I could hardly believe my good fortune. I had been afraid I wouldn't even have a chance to see Jimmy at all, but this was too good to be true. The knot in my stomach over the way Jimmy and I had parted, and the sadness I felt at his rejection, in no way could change the fact that seeing him again filled me with anticipation. Call me a glutton for a punishment, I supposed.

"I would be happy to, M'Lord," I said carefully, doing everything in my power to avoid sounding overly exultant. I needed to play the part of concerned under butler and nothing more.

"We can sort out the details later when you're dressing me for bed, then," he answered. "And now I really must get this dinner over with. Will you be visiting the hospital this evening?"

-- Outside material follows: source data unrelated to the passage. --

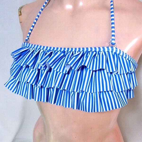 - ★☆ブルー白ストライプフリル付きビキニ水着のブラ☆★
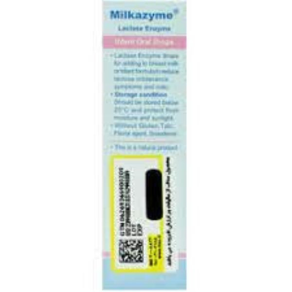 ین محصول، یک فرآورده طبیعی می باشد. • عدم تحمل لاکتوز در نوزادان تازه متولد شده می تواند منجر به ناراحتی در هضم، نفخ و دل درد شود که این می تواند یک عامل مهم در کولیک نوزادان باشد. • ماده موثره در قطره میلکازیم®، آنزیم لاکتاز است که باعث تجزیه لاکتوز شیر به گلوکز و گالاکتوز می شود و در نتیجه هضم آن را راحت تر می کند.
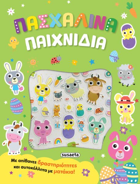 Ένα απίθανο βιβλίο γεμάτο πασχαλινές δραστηριότητες, γλυκά ζωάκια και αυτοκόλλητα με ματάκια που κουνιούνται! Μέτρησε τα αυγά στο κοτέτσι, βρες το μονοπάτι των αριθμών, αντιστοίχισε, χρωμάτισε και παίξε ένα σωρό πασχαλινά παιχνίδια παρέα με τα πιο όμορφα ζωάκια! Τα αυτοκόλλητα που συνοδεύουν το βιβλίο μπορείς να τα κολλήσεις όπου σου αρέσει.
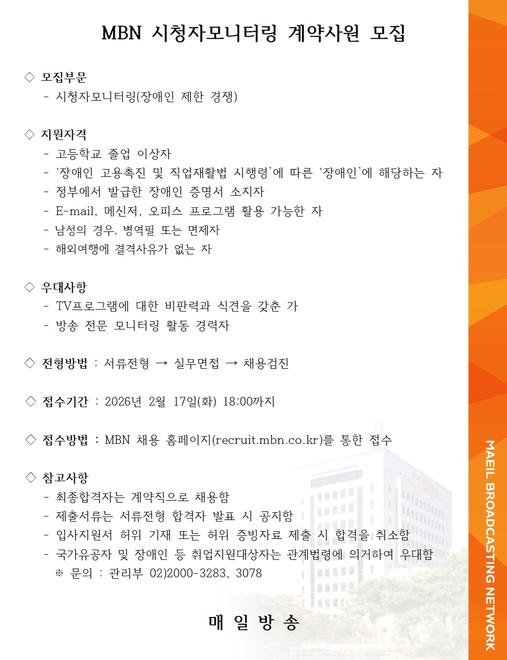 MBN ½ÃûÀÚ¸ð´ÏÅ͸µ °è¾à»ç¿ø ¸ðÁý
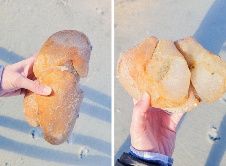 “Знайшла на пляжі після сильного шторму. Він дуже твердий і легко ламається. Здається органічним. Думаю, це великий шматок жиру”
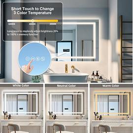 3 Temperature Colore & Dimmerabile: Lo specchio bagno led illuminato da 100x70 cm ha tre temperature di colore: caldo 3000K, neutro 4000K e bianco 6000K. Tieni premuto il pulsante della luce per regolare la luminosità dal 20% al 100%. Perle luminose ad alta densità con 168 luci al metro
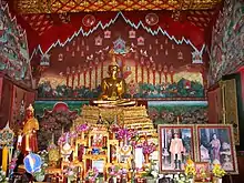 Mural painting depicts the mythological cosmos, with Mount Meru as the centre.
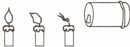 7. 将一只可乐瓶去掉瓶底,在瓶底开口处蒙上橡皮膜并扎紧,将三支点燃的蜡烛排列在瓶口前,对着火焰敲橡皮膜,如图所示。可以看到烛焰出现的现象是
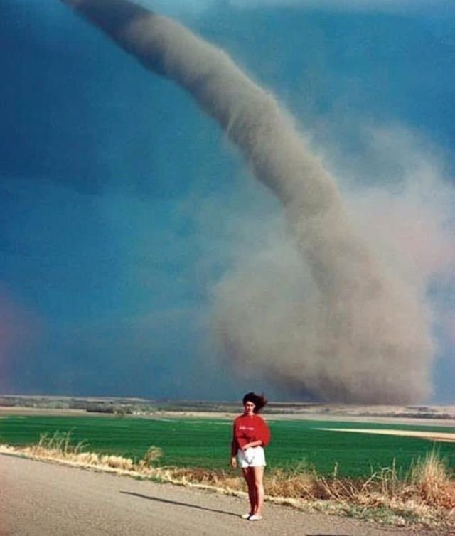 Девушка из Небраски — Одра Томас, фотографируется на фоне торнадо, Лето 1989 г.
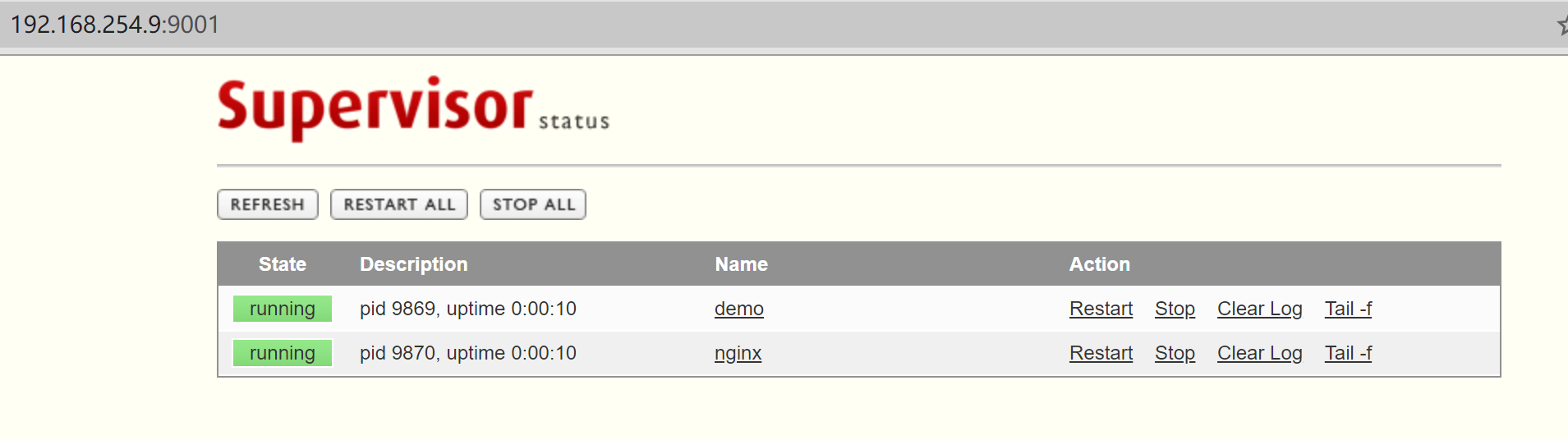supervisorctl status
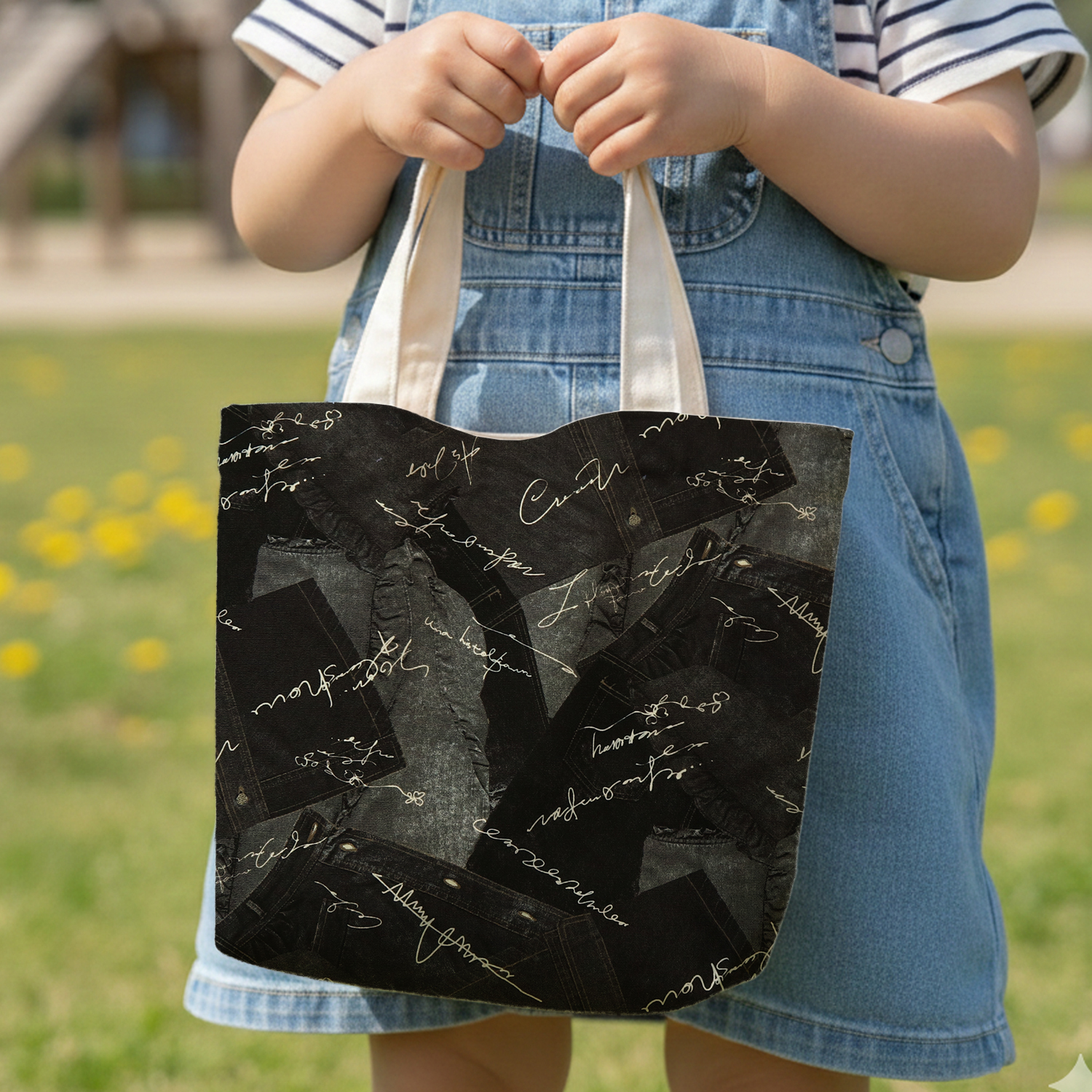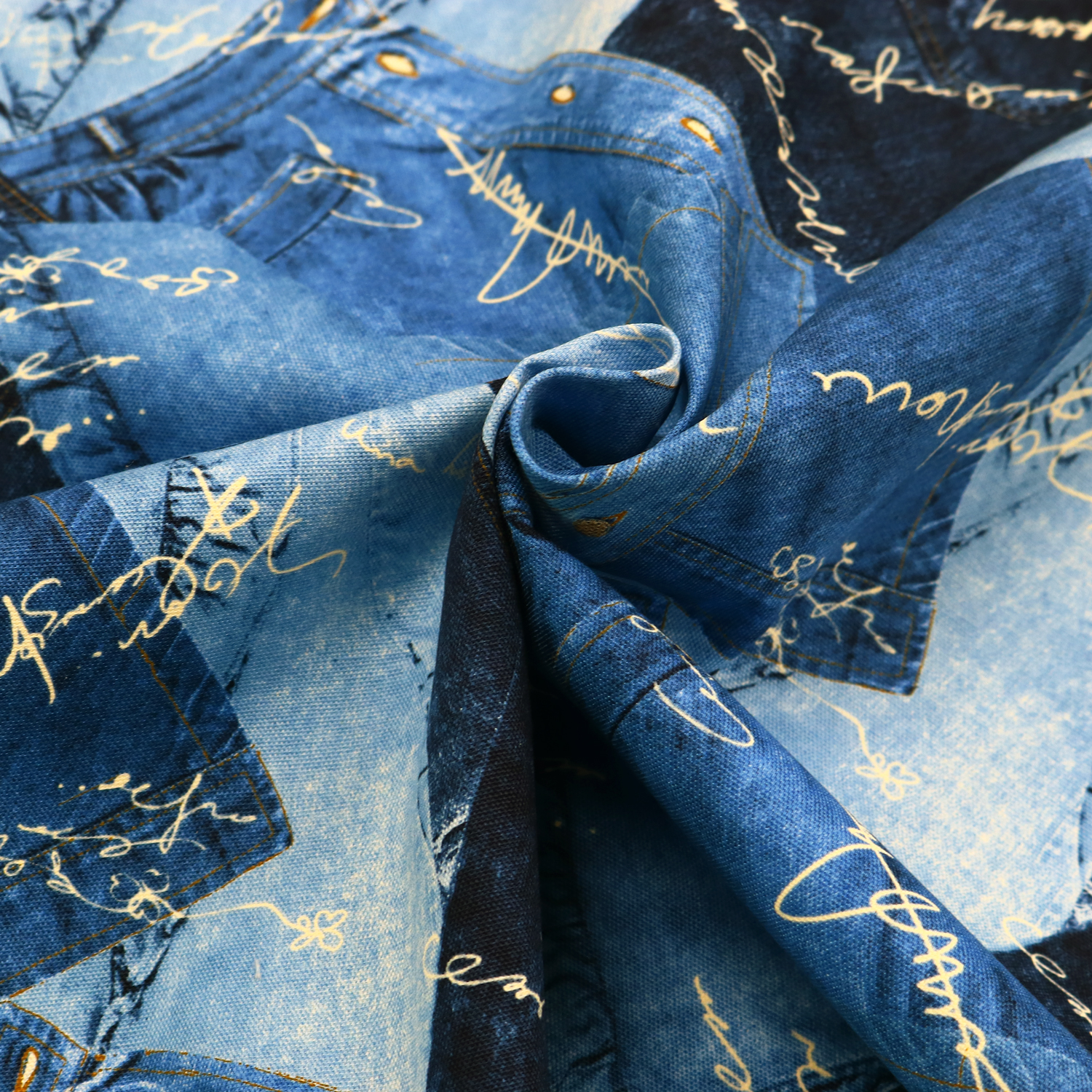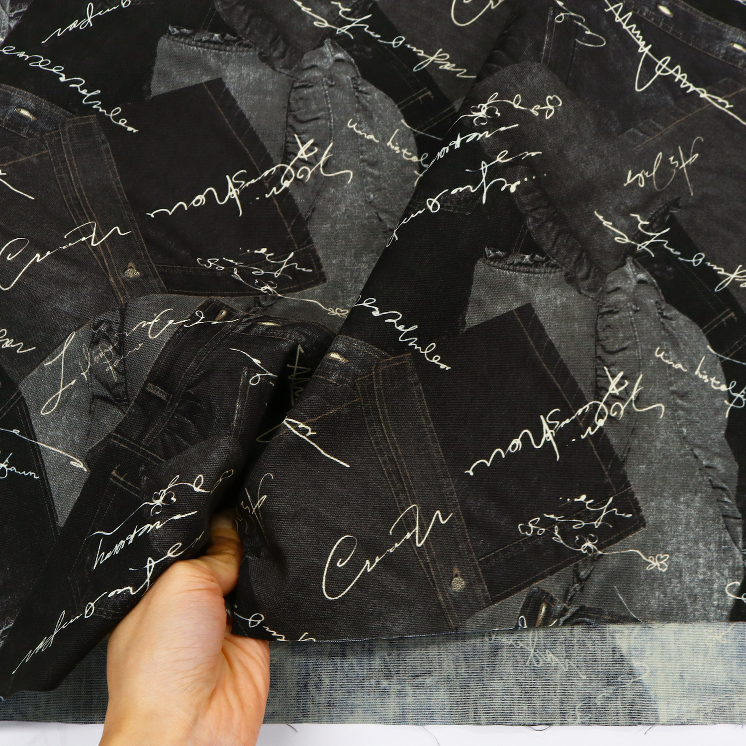 リアルなデニムがコラージュ風にプリントされた生地で、バッグやポーチなどの作品作りにおすすめです

"I suppose I should, but I'll return in plenty of time to set the cases to rights before your journey tomorrow," I answered as I gathered up the discarded items of clothing.

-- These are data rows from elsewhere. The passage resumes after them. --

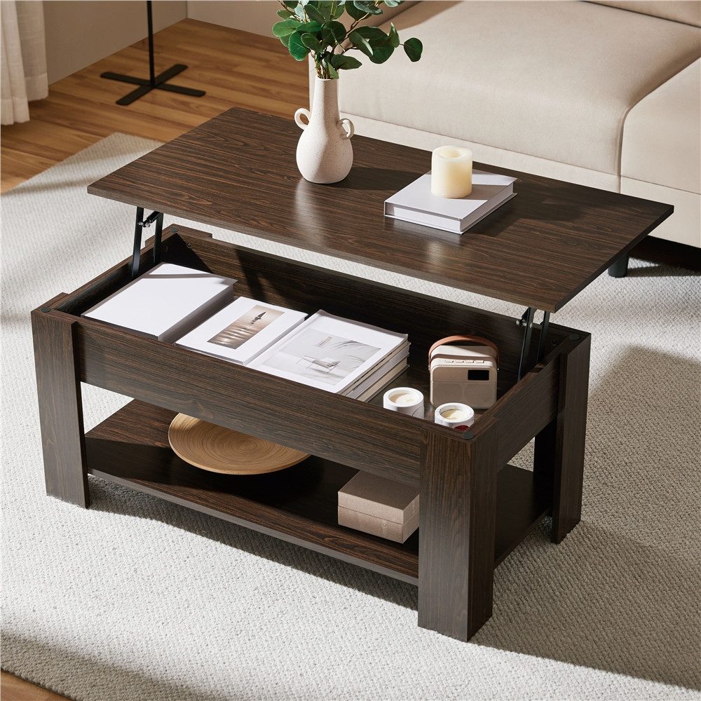 Mit seinem praktischen Lift-Top-Design und dem modernen Look wird dieser Kaffeetisch der Eyecatcher in Ihrem Zuhause sein! Mit der hochklappbaren Tischplatte kann dieser Couchtisch temporär als Arbeits- oder Esstisch verwendet werden, ohne sich nach vorne beugen zu müssen. Das versteckte Ablagefach unter der Tischplatte und die offene Ablage an der Unterseite bieten Sie genügenden Stauraum für die Alltagsgegenstände. Der Tisch besteht aus robusten MDF-Holzplatten, die für eine lange Lebensdauer sorgen. Dieser höhenverstellbare Kaffeetisch sorgt für Ordnung in Ihrem Wohnzimmer, Arbeitszimmer oder Büro.
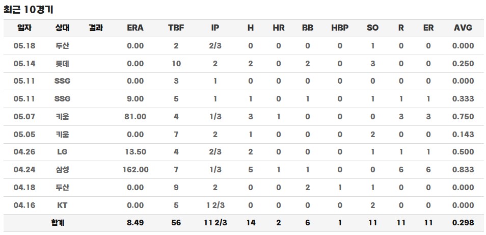 하지만 4월 24일 삼성전에서는 ⅓이닝 6실점이라는 충격적인 부진을 보였고, 4월 26일 LG전에서도 ⅔이닝 1실점을 기록하며 아쉬움을 남겼습니다. 이후 5월 5일 키움전에서는 2이닝 무실점, 5월 7일 같은 팀과의 경기에서는 ⅓이닝 3실점으로 기복 있는 모습을 보여주었습니다.
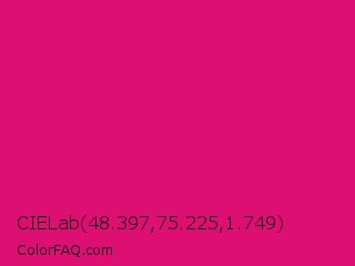 CIELab 48.397,75.225,1.749 Color is a normal rose color and the nearest color is Dogwood Rose #d71868. Hex code #de0f73 and RGB value is rgb(222,15,115). In RGB color space, this color is composed of 87% red, 6% green, 45% blue, In CMYK color space, this color is composed of 0% cyan, 93% magenta, 48% yellow , 13% black , In HSL color space, this color has a hue angle of 331° , 87% saturation and 46% lightness.
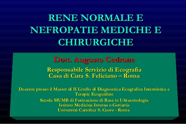 Rene Normale E Nefropatie Mediche E Chirurgiche
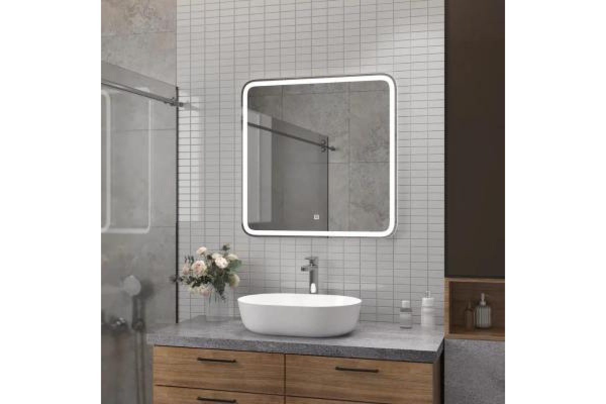 Зеркало с подсветкой КОНТИНЕНТ Russo LED с подогревом и часами 800х700 ЗЛП2498
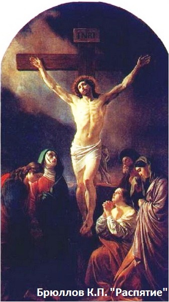 Очень трагично полотно Карла Павловича Брюллова «Распятие» (1840-е гг., Государственный Русский музей, Санкт-Петербург). И печальны слова Библейского писания: «При кресте Иисуса стояли Матерь Его и сестра Матери Его, Мария Клеопова, и Мария Магдалина». (Евангелие от Иоанна 19:25).
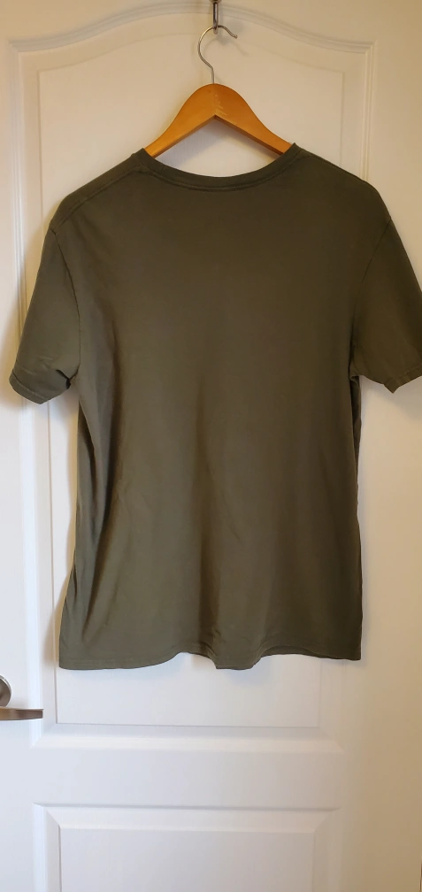 Green t-shirt with a graphic of Snoopy with a mountain landscape for his head. The graphic is in yellow, blue, grey and black. The t-shirt is a men's size Large.

"Well, do give him my best," His Lordship said a moment later as I opened the front door for him and he proceeded toward the still waiting cab.

An hour later, I was making my way hesitantly through the hospital doors, fearful at what I would find. After inquiring at the front desk and assuring the nurse on duty that I was family (a bold-faced lie, but I had bigger things to worry about), I was led to a bed where Jimmy lay awake, which caused me both elation and apprehension. I had expected to merely look in on a sleeping Jimmy.

"Mr. Bar-Thomas!" His face lit up like a child's on Christmas morning. "I thought you wouldn't come."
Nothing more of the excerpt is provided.